足跡(あ・し・あ・と)= その 12 =

H. 房子

 子ども達の祈りがあまりにも現実離れした祈りであったので、私たち夫婦は、思わず笑ってしまいました。アパートさえ、なかなか借りるのが困難なのに、「大きな家、広い庭、フェンスのある家」など大都会のシカゴでは、まるで夢みたいな願いごとでした。旧約聖書の中には100歳のアブラハムが、「(90歳の妻サラによって)ひとりの男の子を与えよう」と神様から言われた時に笑った(創世記17:17)とあります。常識では考えられないことだったからです。私たちにも子ども達の祈りが現実には叶わない夢のように思われました。当時、私たち家族が住んでいたところは、一歩外に出れば車が多くてとても危険です。広い庭にフェンスが付いていれば子ども達は安全に遊べるのです。子ども達は神様には何でもお出来になると信じていました。子ども達は、願いをそのまま祈りにしました。あとは、みな神様にお任せして。

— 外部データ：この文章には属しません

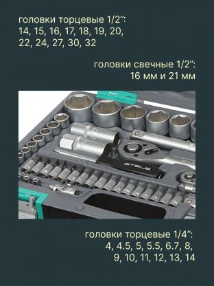 - головки торцевые 1/2": 14, 15, 16, 17, 18, 19, 20, 22, 24, 27, 30, 32 мм;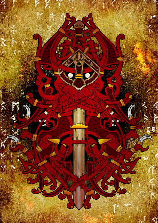 Knotwork Odin - Norse Celtic - Inspired by Book of Kells - Coloured

 それから数ヶ月過ぎた、ある日のこと、大山牧師と宮川さんが来訪されました。主人はお二人の訪問を「珍客だ」と大喜びでお迎えしました。宮川さんが「今日は、伝道ではなくて、本田さん方にお願いがあって来ました」と言われ、私たちは、(お願いって一体、何でしょう)と思いました。宮川さんは「今度、私たちの教会が新しい教会の建物を買ったので、教会の管理をする人が欲しいのです。それをミセス本田にお願いに来たのです」と続けられました。私は驚いて、内心、(それは、とても無理)と思いました。私は、「教会管理の仕事はとても無理だと思います。4人の子どもの世話だけでも手一杯ですから」とお断りするのですが、宮川さんは「とにかく、教会を見て。それから返事を」とおっしゃるのです。主人は「では、一度見に行こう」と言ったので、お二人は喜んで帰って行かれました。

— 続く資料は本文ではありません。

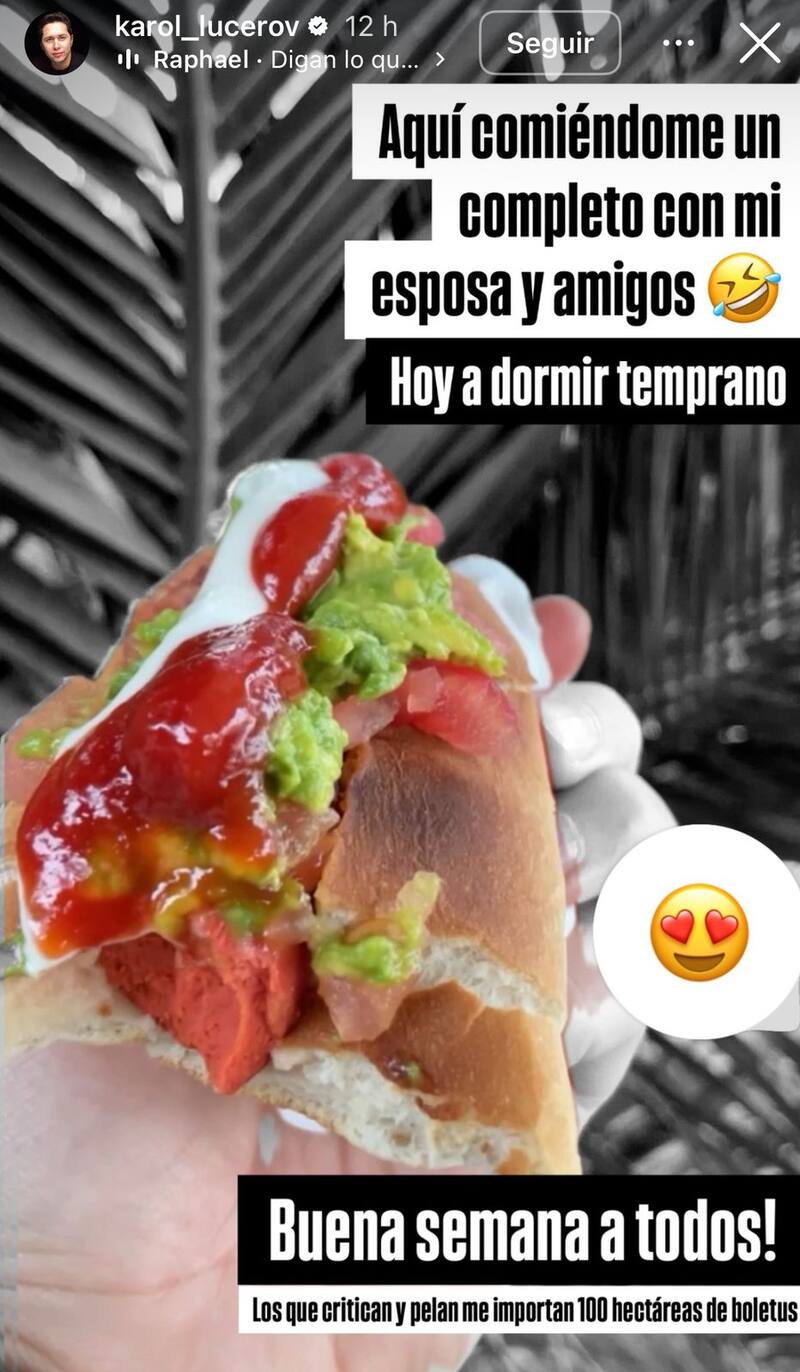 “Aquí comiéndome un completo con mi esposa y amigos. Hoy a dormir temprano. Buena semana a todos”, ironizó el ex conductor de Yingo a través de sus historias de Instagram.

 私はあまり気が進みませんでしたが、次週の月曜日、子ども達と一緒に出かけました。教会に着いてびっくりしました。建物外側から見ると、想像以上に大きな教会でした。古い二階建ての教会で、会堂は二階にありました。五、六百人も座れるほどの多くのベンチが据えつけてあります。講壇の後ろには、とても大きなパイプオルガンがあります。会堂の真ん中と入口から少し離れた所に石炭ストーブが一つずつ据えつけられています。私はこれを見ただけで、もうこれは私の手におえないと思いました。そんな私の気持を察したのでしょう、宮川さんは、「本田さん、このベンチの全部は拭かなくてもいいよ。皆が座るところだけチョイ、チョイと拭いておけばいいんだよ」と言われました。

 そして、宮川さんから「どうかね」と聞かれました。ちょうどその時です。大山牧師が前に進み出て、講壇に向かって行かれ、ひざまずいて祈っておられる姿が見えました。宮川さんが、「やってみるかね」と言われた時、私は「はい」と答えてから、ハッとしました。なぜ、そう答えたのか、自分でも分かりません。宮川さんは喜んで、「あ、そうか、そうか。よかった、よかった」と大変な喜びようです。あまりの宮川さんの喜びように「いえ、違います。今のは間違いです」とは、言うことが出来ませんでした。一階に下りるとサンデースクールの部屋があり、そこには劇が出来るようにステージもあります。そして、ここにも石炭ストーブが置いてありました。部屋を出ると廊下があり、廊下を隔てて管理人の住居部分と教会の大きな台所がありました。食堂には五、六十人は座れるような椅子とテーブルがありました。

 裏庭に出ると、広い子供の(サンデースクール用)遊び場があります。よく見ると、なんと鉄の"フェンス"が周りを囲んでいるではありませんか。「大きな家、広い庭、フェンスのある家」。なんということでしょう。アブラハムに男の子が与えられたように、子供の願いどおりに神様は新しい家を与えて下さったのです。「あなたがたが信じて祈り求めるものなら、何でも与えられます」(マタイ21:22)の御言葉の如く、子ども達の願う前から神様は、供えていてくださり、不思議な形で子ども達の祈りに応えてくださいました。私の心では "No" であったにも関わらず、思わず口から出た "Yes" の答えも、聖霊のお導きによるものであったと強く感じられます。

 私たちは、1950年3月に教会の管理人としてのお仕事を頂いて、移り住むことになりました。私たちの寝室がちょうど二階の会堂の講壇の真下になっていました。そのことに長い間、私たちは気が付きませんでしたが、のちに、あることから知るようになりました。